3. Class3 pool allows to restrict the bandwidth usage for subnets
    This will implement the bandwidth management with aggregate rate per subnets. i.e, the class2 pool with subnet-based ceiling

Configuring the class 3 pool
# vim squid.conf
----------
acl    bw_users    src    192.168.1.0/24 # The acl defined for the Network
delay_pools    1                                    # Number of Pool
delay_class    1 3                                 # Defines the class of pool for the Pool Number 1
delay_parametes    1 62500/62500 31250/31250 6250/6250 # This tells to create a cieling of 500K (62500) for our bandwidth having (1.5M) with a subnets cieling of 50% of the cieling (Any given time the request from the each subnets will be restricted to the 50% of the cieling bandwidth 500k and each users in subnet will have 20% of the bandwidth rate of subnet cieling)
delay_access  1  allow  bw_users       # This is the access tag which tie to the acl bw_users
----------
# reload squid
    This makes the squid to make the bandwidth usage 50% per subnet(Incase if we have 2 subnets in our network) and each user will get 20% of the subnet cieling. (i.e, out of 1.5M we have taken a cieling of .5M. the subnet cieling will share 50% of this .5M clieing(.25M). In each subnet the users will get 20%(.05M) of bandwidth of the subnet cieling (.25M)).
 
Delay Pool class2 with Time based ACL:
    This will implement the bandwidth management only during the business hours.
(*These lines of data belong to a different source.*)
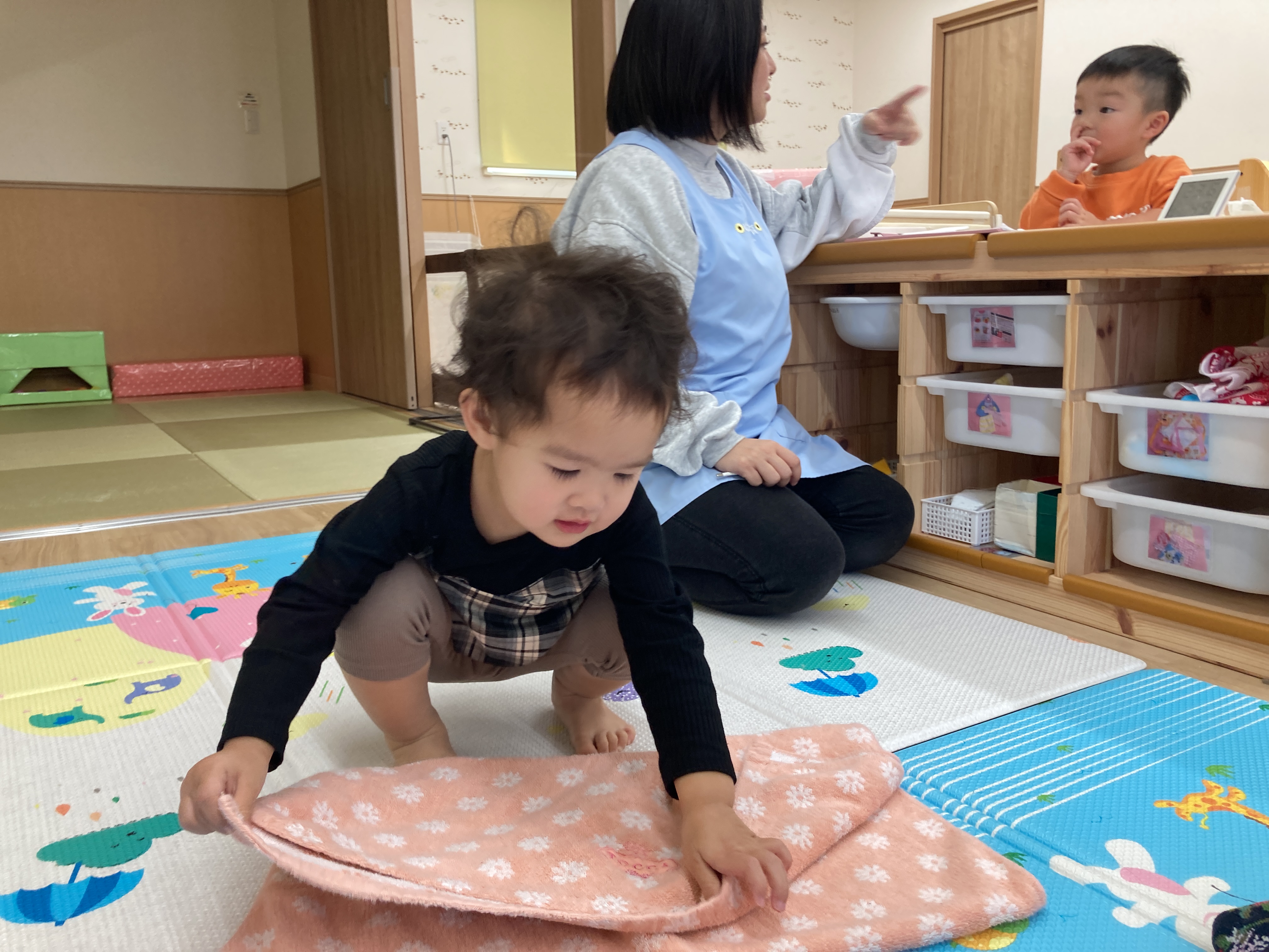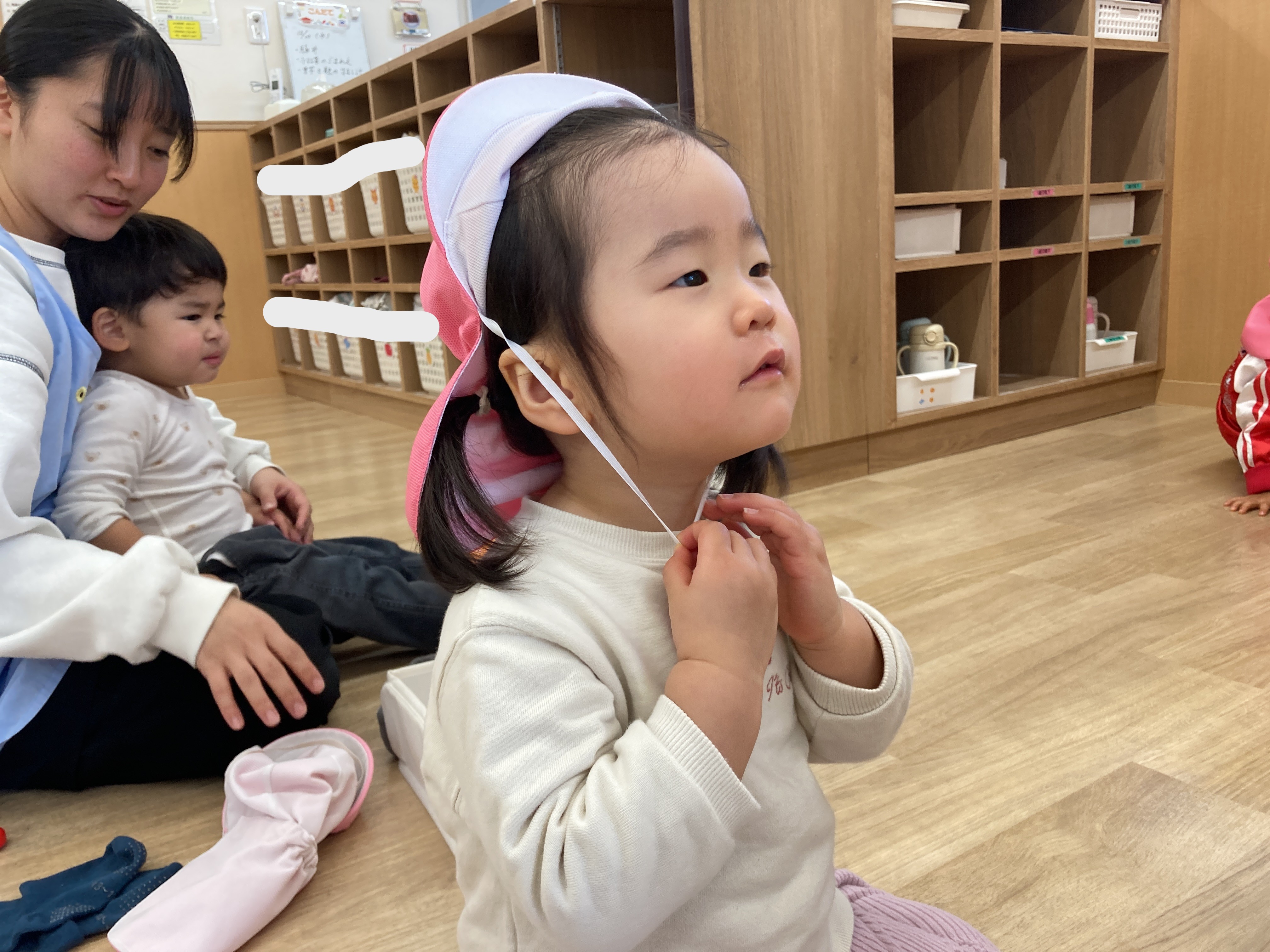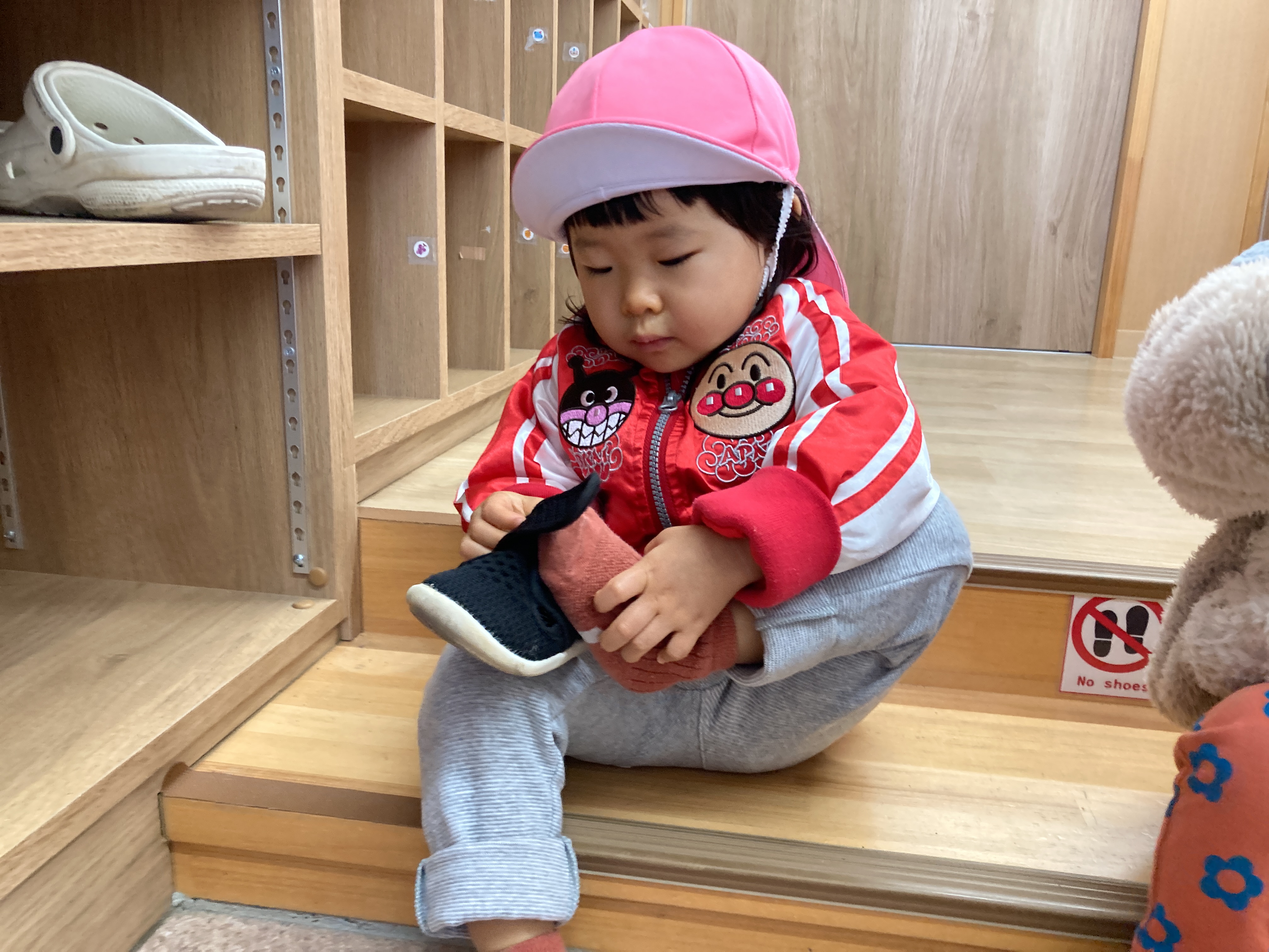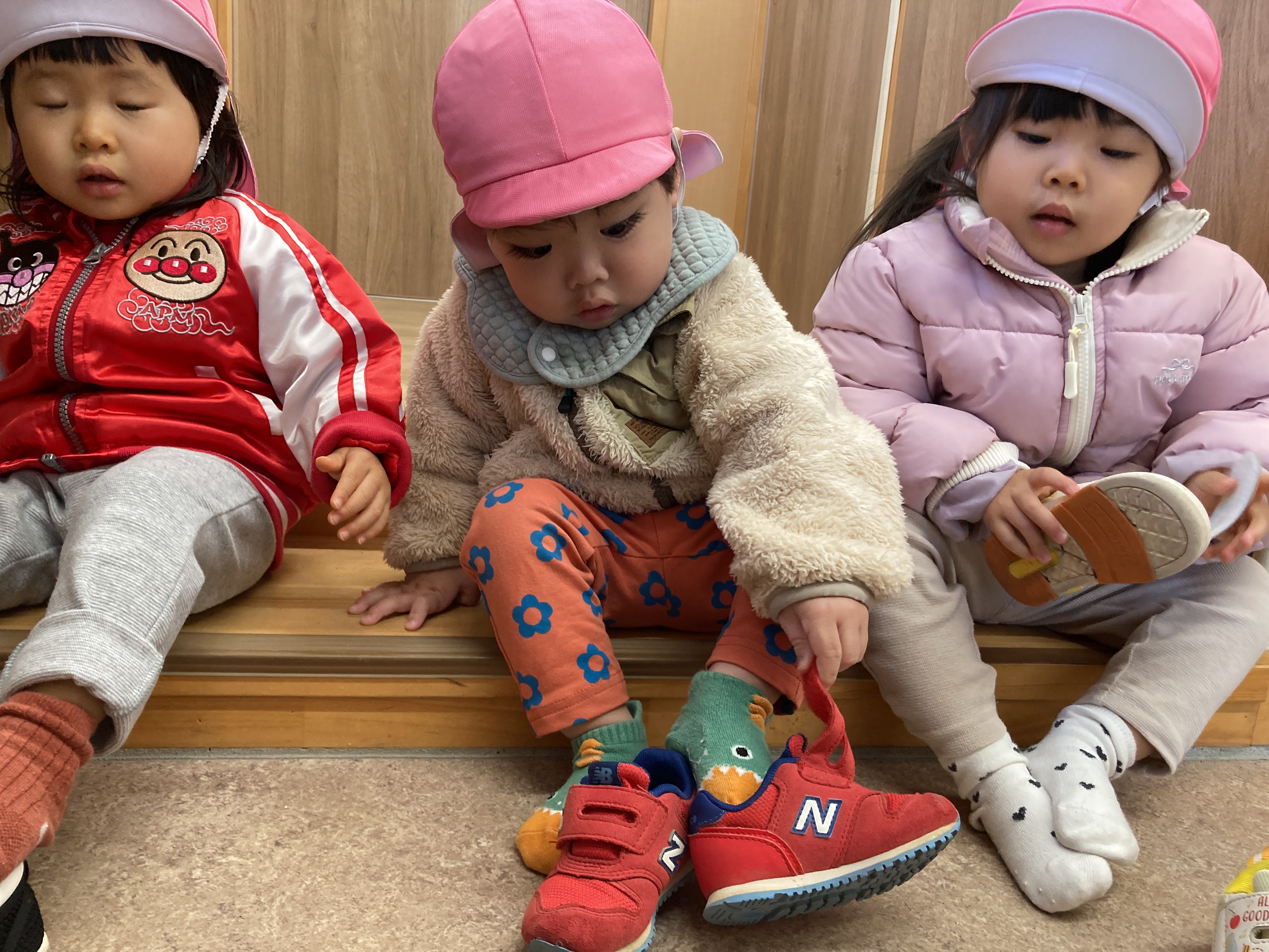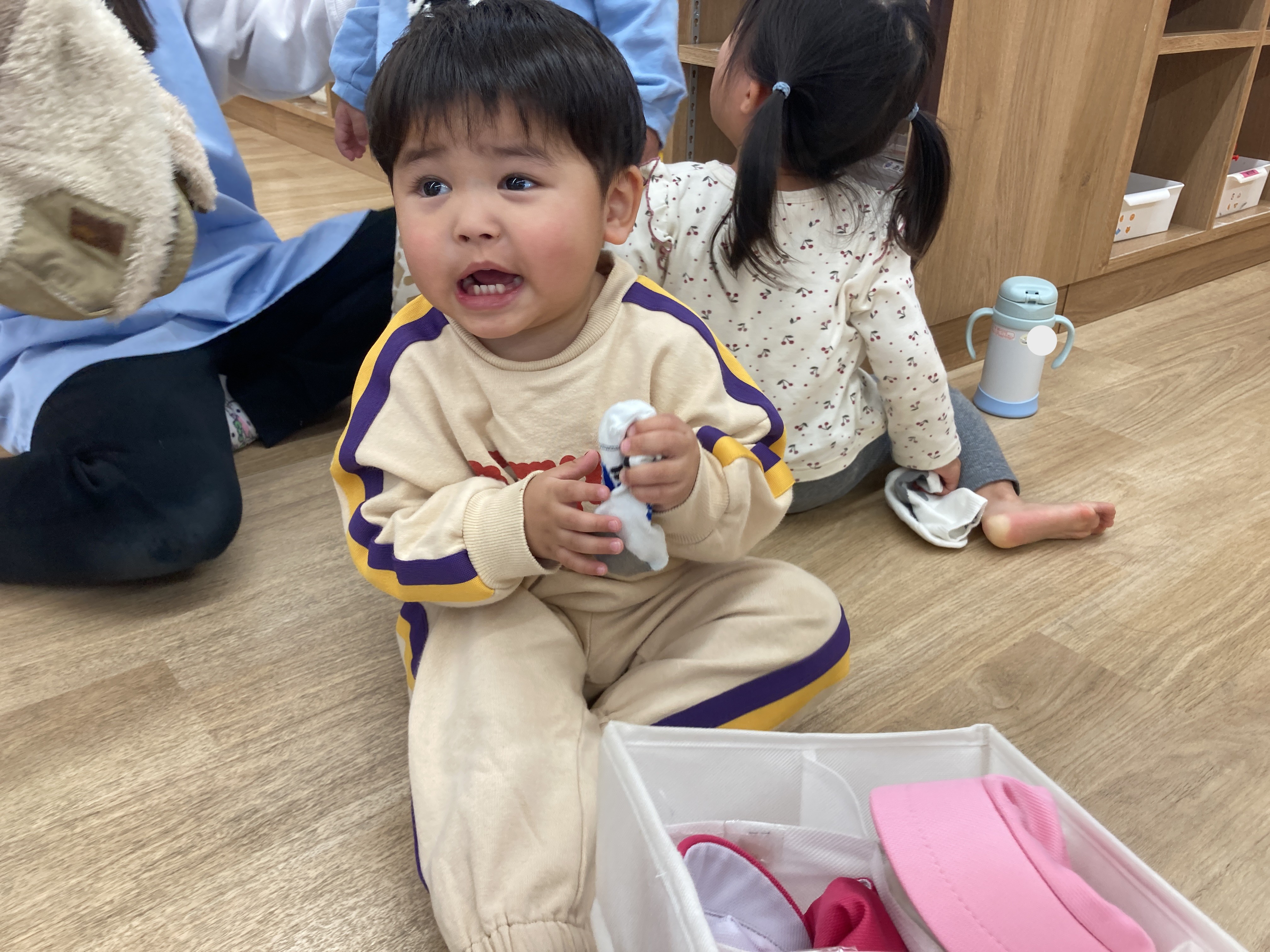 靴下を自分で脱げるお友だちもいるよ![]()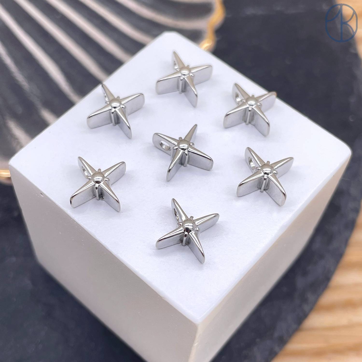 Бусина звезда, цвет серебро 8 мм
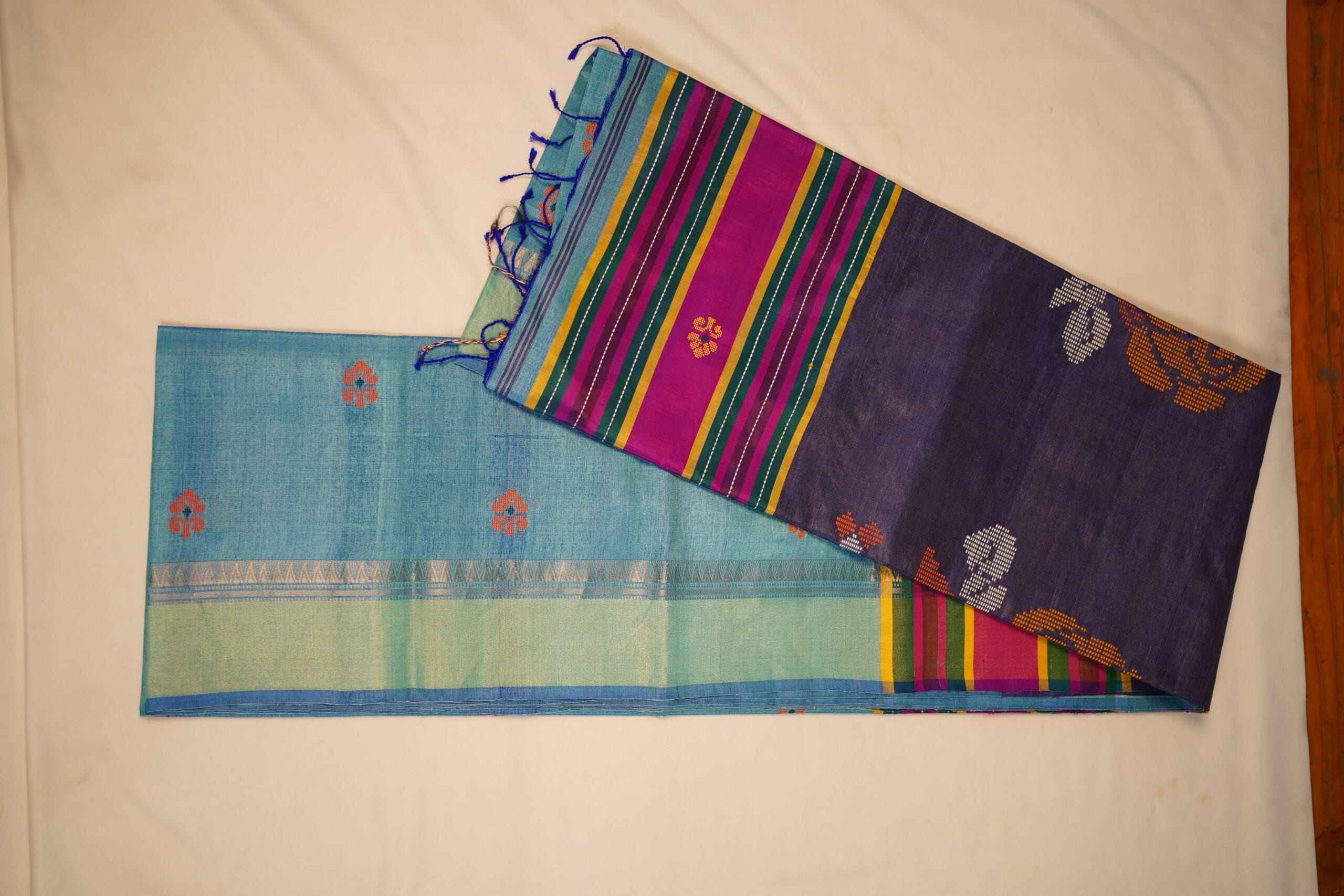 Border: Traditional zari border with vibrant multicolor stripe detailing on the pallu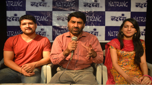 Director Natrang Padamshree, Balwant Thakur addressing the media at Natrang Studio Theatre in Jammu.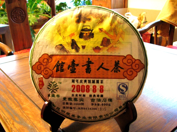 2006年8月8日,葳盛茶业第一款【茶人书壶馆】诞生,一套五片,每片400克,选用澜沧江流域江内外的勐宋、易武、巴达、景谷、无量山系最具综合代表性的五大茶山大叶种古树茶箐为原料。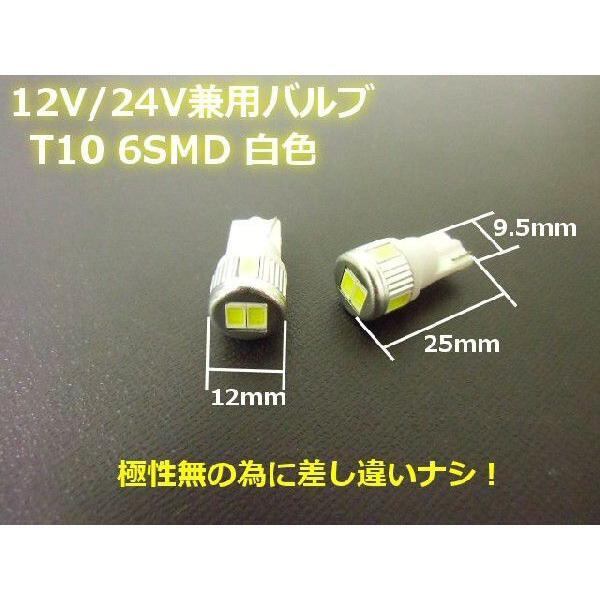12V・24V兼用/T10ウェッジ/白色ホワイト/6連発SMDLED/2個セット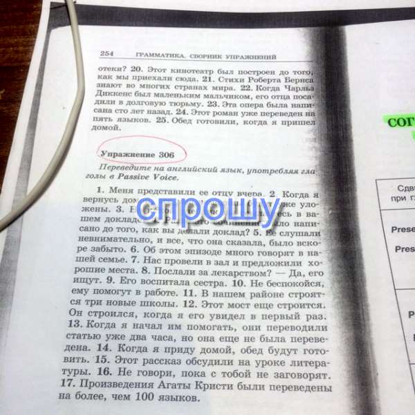 Exercise №306. Перевести на английский язык, употребляя глаголы в Passive Voice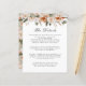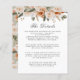 Cette élégante carte d'information sur les invités à l'aquarelle verte, ivoire, orange et vert mousse présente une bordure botanique de fleurs délicates sur le dessus de votre texte souhaité. Parfait pour conseiller les clients sur les chambres d'hôtel, les codes de groupe, les transports, les directions, les informations de bienvenue de réception, et votre URL de site mariage. Indiqué pour une célébration mariage sophistiquée ou chic à n'importe quel moment de l'année. Carte inversée à un motif de fleurs assorti dans la même palette de couleurs de terre sur un arrière - plan vert sauge clair

Configure the Class2 pool with time restriction
# vim squid.conf
----------
acl    bw_users src 192.168.1.0/24         # The acl defined for the Network
acl work_time time MTWHF 09:00-18:00
delay_pools    1                                      # Number of Pool
delay_class    1 2                                    # Defines the class of pool for the Pool Number 1
delay_parametes    1 62500/62500 25000/25000 # each user has given an average of 25000 bytes of bandwidth
delay_access  1  allow work_time         # This is the access tag which tie to the acl all and work_time.
----------
# reload squid
    This will make the class 2 pool to be activated only while the office hours. Test by changing the time in the squid servers after configuring the class 2 pool with time period.